GUANTANAMO BAY - Camp Justice, erected six months ago for the first U.S. war-crimes trials in a half-century, already feels like a ghost town.
A hundred canvas tents pitched on a weed-choked airfield to house an army of lawyers and journalists stand mostly empty, even as air conditioning blasts through them to keep iguanas and large rodents at bay.
Only three reporters showed up this week for the trial of Osama bin Laden's alleged communications specialist, in contrast to the dozens who attended earlier hearings.
With the clock running out on the administration of President George W. Bush, so too is it ticking for America's six-year attempt to try what it called "the worst of the worst" for crimes of war.
"It is getting quiet here," lamented Kiplin Rall, a Jamaican managing a small convenience store in a rusting hangar at Camp Justice.
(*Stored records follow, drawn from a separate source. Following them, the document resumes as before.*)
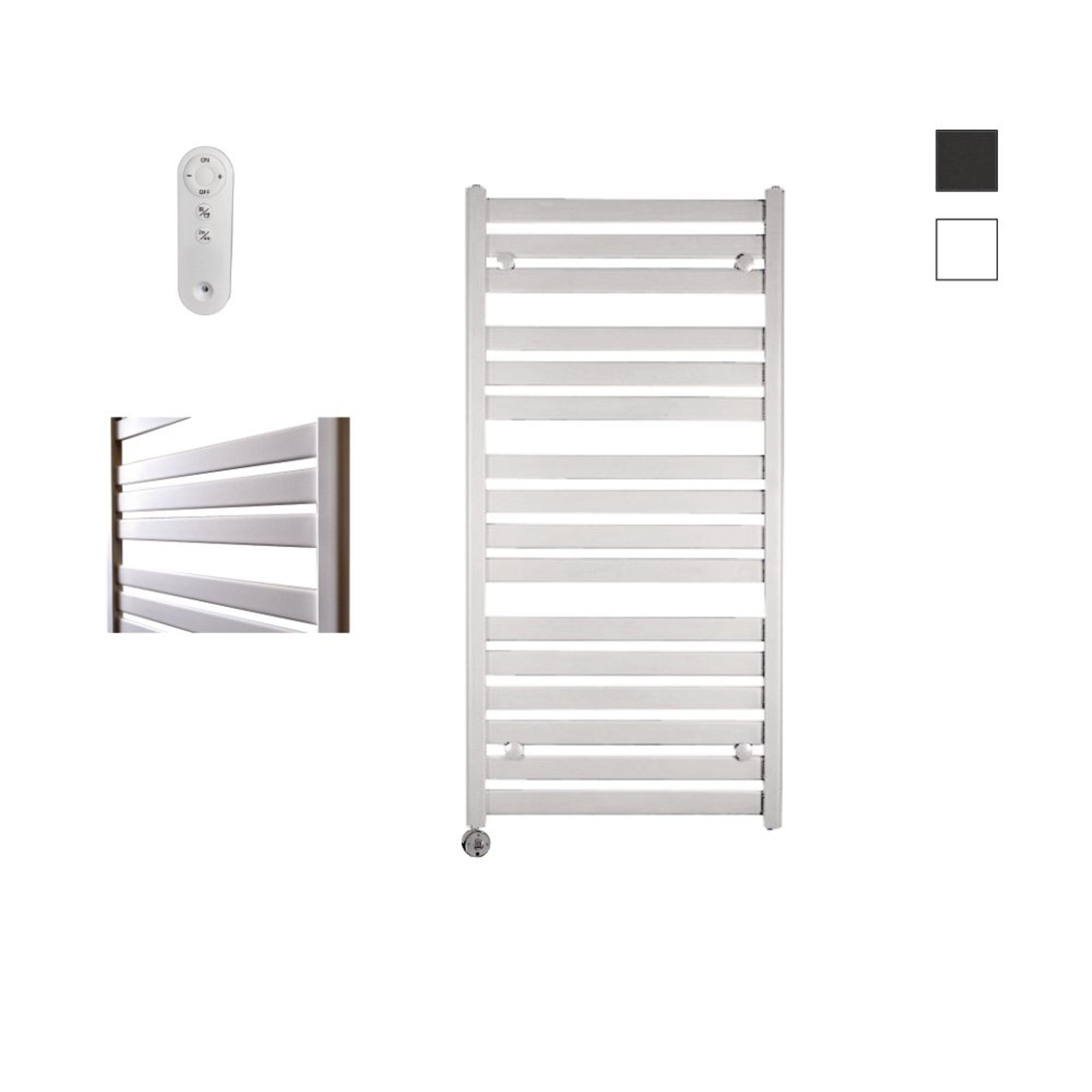 Sanicare HVS - Moda Radiateur électrique - 120x60cm - 876W - avec télécommande - thermostat - chrome - en bas à gauche - blanc mat
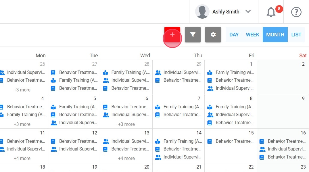 2. Primero debe crear una sesión de Family Training. Para esto, haga clic en el botón "+" situado a la derecha, en la parte superior del calendario.
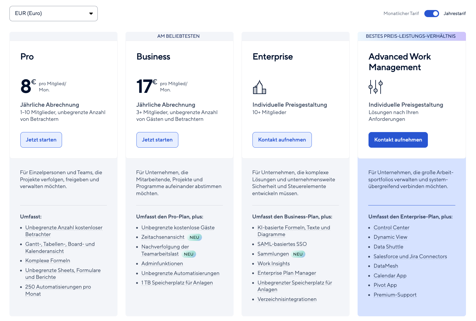 Business-Plan: ca. 17 € pro Nutzer/Monat, mit erweiterten Berichten, Dashboards und mehr Automatisierung
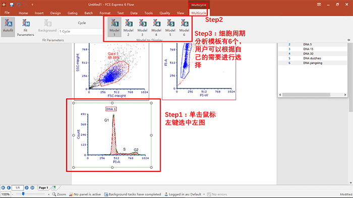 ? 演示內容:細胞周期數據的分析,關于細胞周期各個參數的調用,統計學圖表的建立
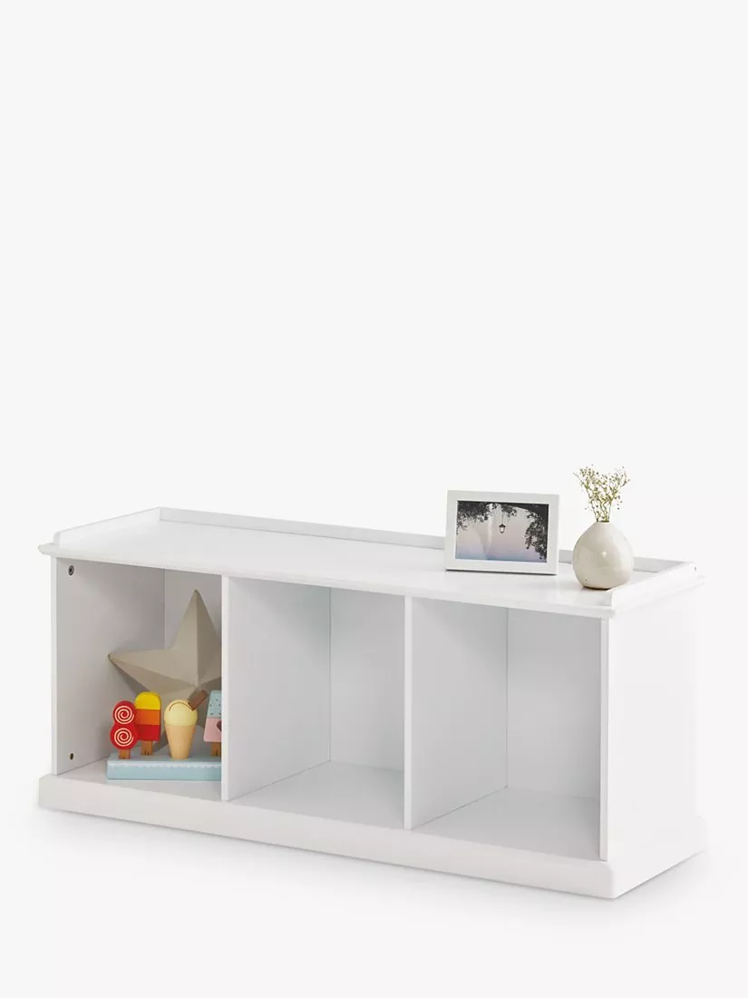 Storage and seating in one. The Abbeville bench from Great Little Trading Co is made from sturdy MDF in a painted finish. A versatile design that can be placed in hallways, family spaces or their bedroom, there are three spacious cubbyholes that you can leave exposed or style with a storage cube or basket. It's been designed with a steadying plinth and robust back panel so you don't have to worry about it wobbling.
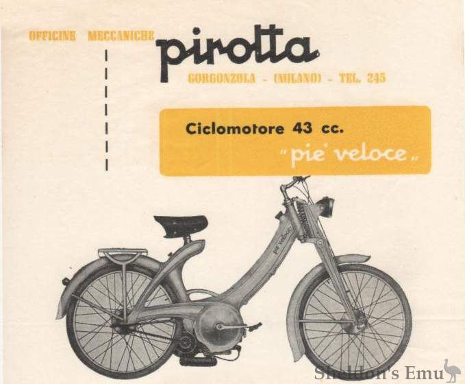 Pirotta was a company based in Gorgonzola, near Milan, which had been producing bicycles and accessories since 1929.
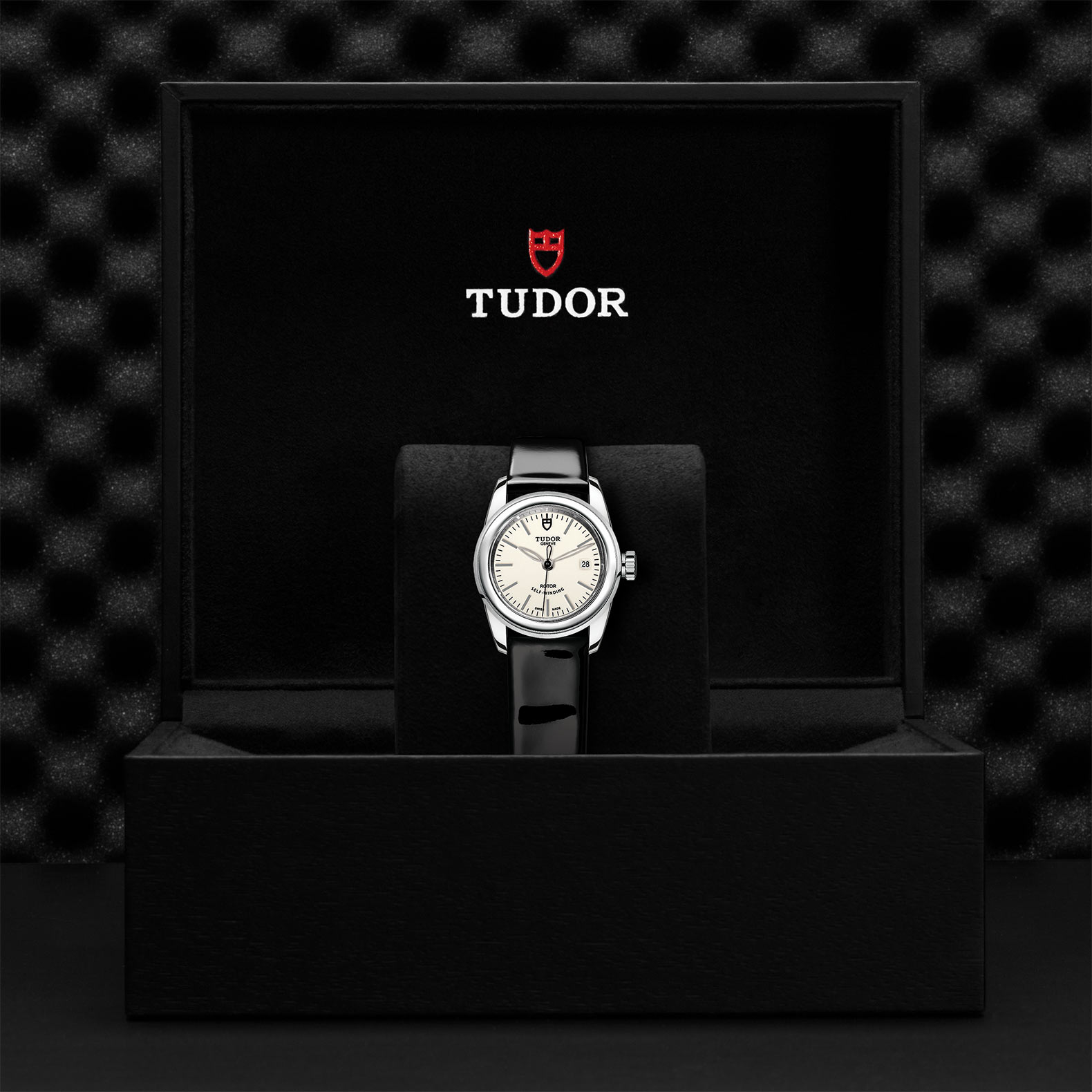 黑色漆皮表带,配摺扣

Barack Obama and John McCain have both pledged, if elected, to close the offshore prison at Guantanamo Bay. Amnesty International Secretary General Irene Khan this week urged whoever wins to make good on that promise in his first 100 days in office.
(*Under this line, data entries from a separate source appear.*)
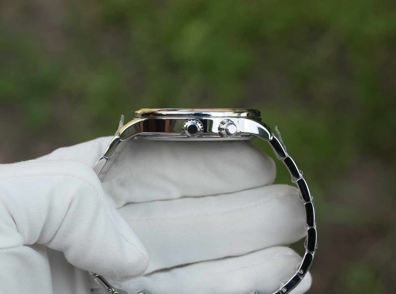 Стальной корпус с качественной отделкой, кнопка настройки календаря завинчивается для защиты от самопроизвольного нажатия
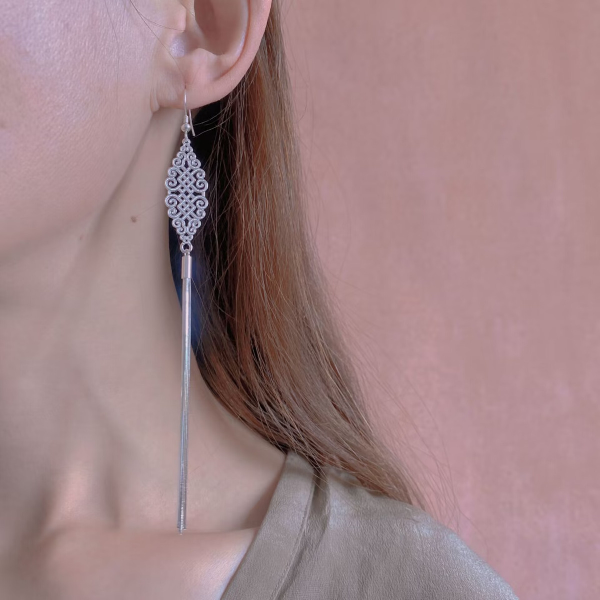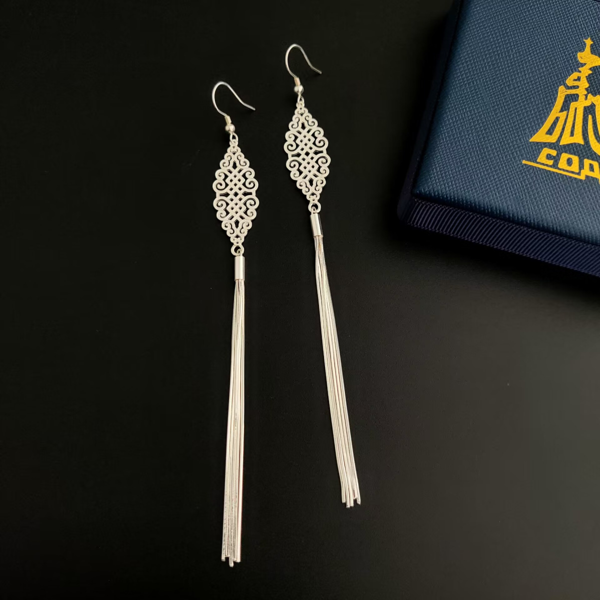 モンゴルジュエリー蘇徳モンゴル銀飾り純銀流蘇イヤリングイヤリング民族風精品オリジナルタイプ遊牧風
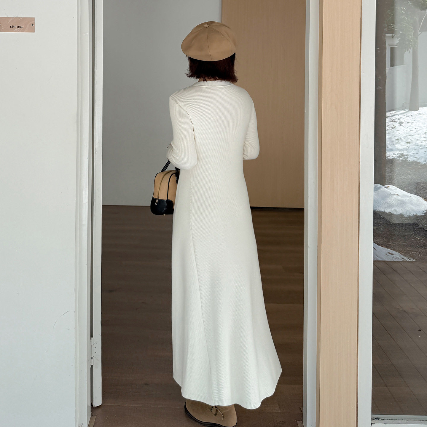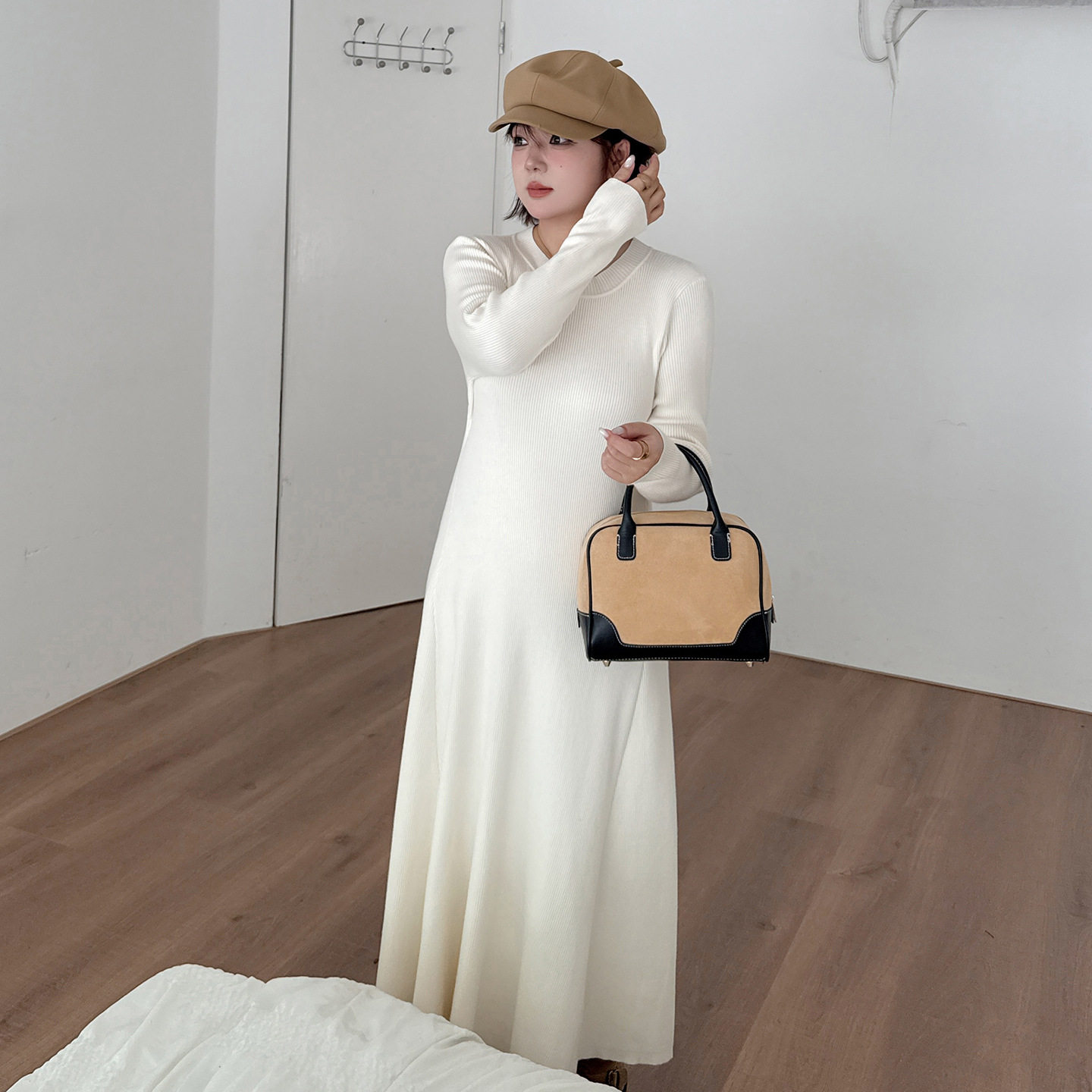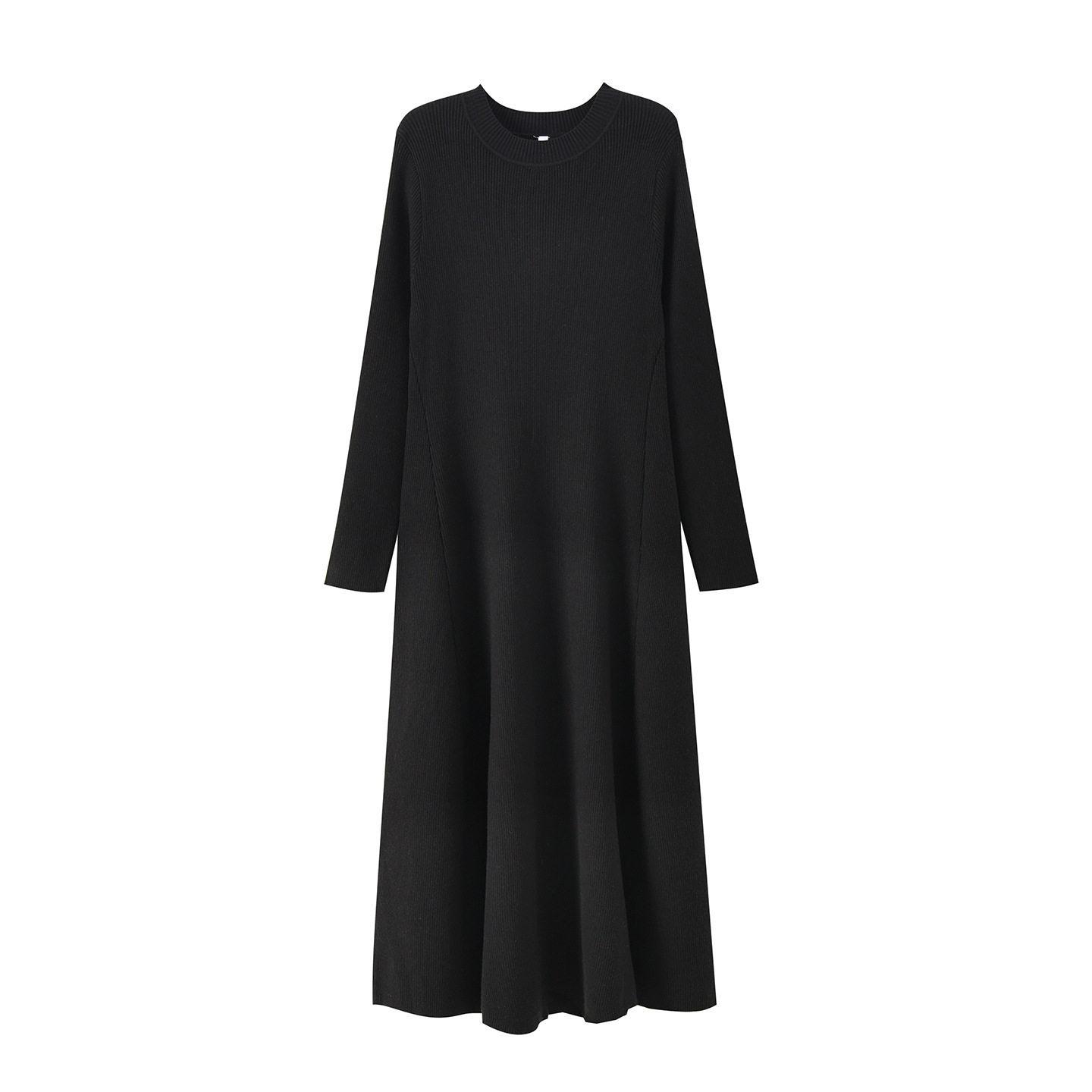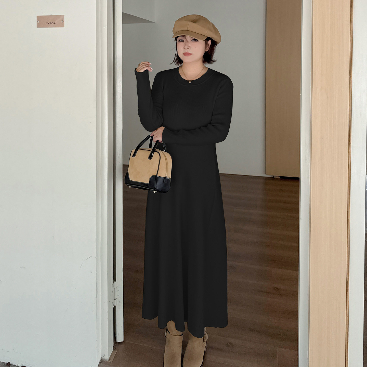 小波家2025冬季胖mm圆领针织连衣裙百搭收腰A字长裙

The current trial, which charges Ali Hamza al-Bahlul with being bin Laden's media specialist, is only the second held since then-defence secretary Donald Rumsfeld outlined the initial rules in March 2002.
Only one more is scheduled before Bush's term ends Jan. 20: a relatively minor case that charges an Afghan with wounding two U.S. soldiers and their interpreter when he was 16 or 17 in 2002. A judge threw out his confession this week because it was obtained through torture.
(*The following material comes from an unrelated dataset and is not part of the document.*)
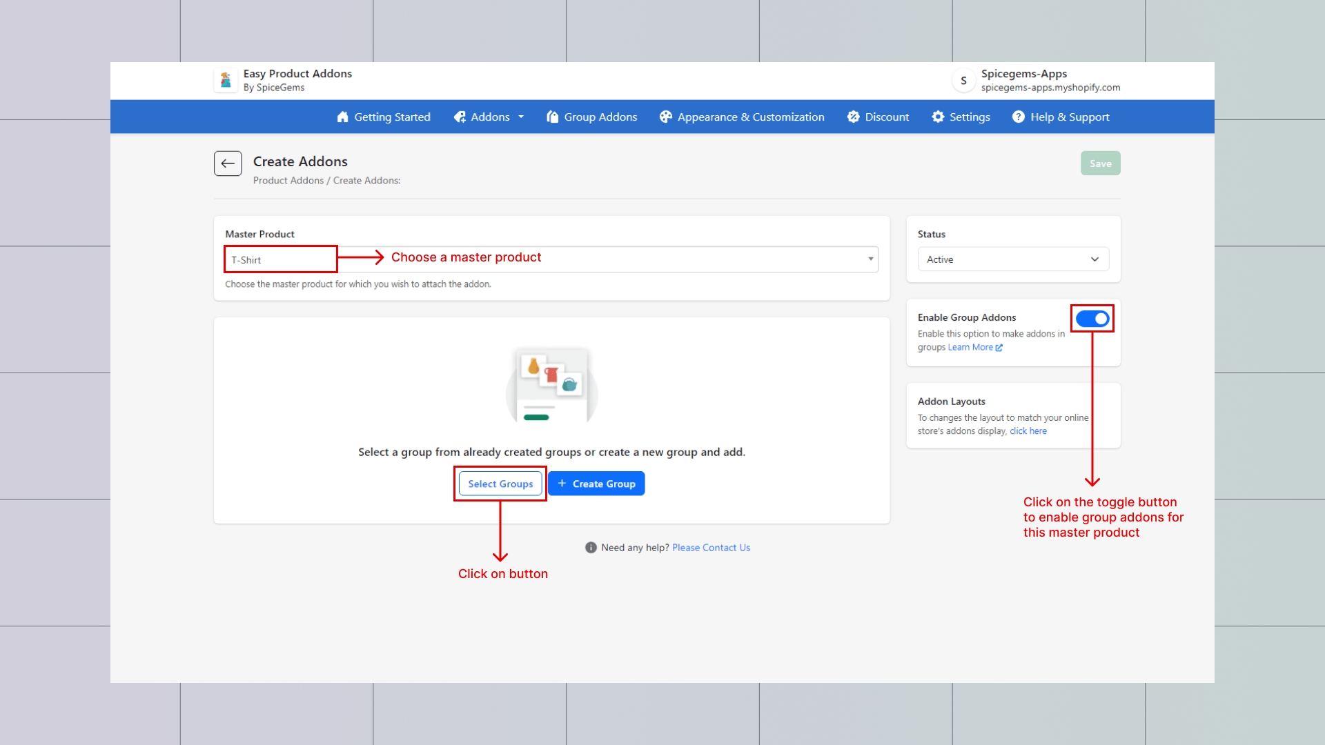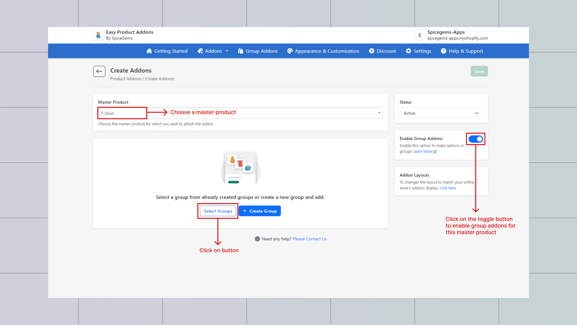 Step 3: Select Master Product → Enable Group Addon (on the left – Toggle to enable)

In all, 255 men are being held at Guantanamo, the great majority without charges. Army Col. Lawrence Morris, Guantanamo's chief prosecutor, said two dozen cases are at various stages, with another dozen or so moving toward charges.
But Morris' predecessor, retired Air Force Col. Morris Davis, said those cases will likely never be brought forward as war-crimes trials, known as military commissions, at Guantanamo Bay. He said trials could conceivably be held elsewhere, but the system would need to be fundamentally changed for that to happen.
"Whoever wins next week should ask the Bush administration to suspend the military commissions since the winner inherits all the mess that piles up from now until inauguration day," said Davis, who quit last year complaining of political interference.
The Pentagon declined to comment on the future of the trials. A spokesman, navy Cmdr. Jeffrey Gordon, instead referred to a statement he made last summer, when he said the U.S. is trying to decrease Guantanamo's prison population and doesn't want to be the world's jailer.
The heyday for journalists seems to be history. Only months ago, the military periodically flew dozens of print reporters, TV crews, pool photographers and sketch artists to Guantanamo Bay from Andrews Air Force Base near Washington.
Once they landed in the arid heat, they were met by soldiers who shepherded them in buses and a boat across the bay to a press room to watch court proceedings on a big-screen TV. Military public affairs officers stood by to answer questions.
At night, the journalists were ferried back across the bay to their Combined Bachelor Quarters, where they shared drinks and conversation before falling into bed.
These days, the military press liaisons outnumber the journalists. Only reporters from The Associated Press, Reuters and the Miami Herald were present for this week's trial.
The reporters don't stay across the bay during the hearings anymore. Now, they sleep in tents erected on a cracked, abandoned airstrip near the two courthouses. Camp Justice has roughly 100 tents, each with six beds. Thrumming generators that provide power for the vacant tents drown out the insects and birds.
Overhead, turkey vultures soar on thermal updrafts, as if waiting for the whole affair to roll over, legs up.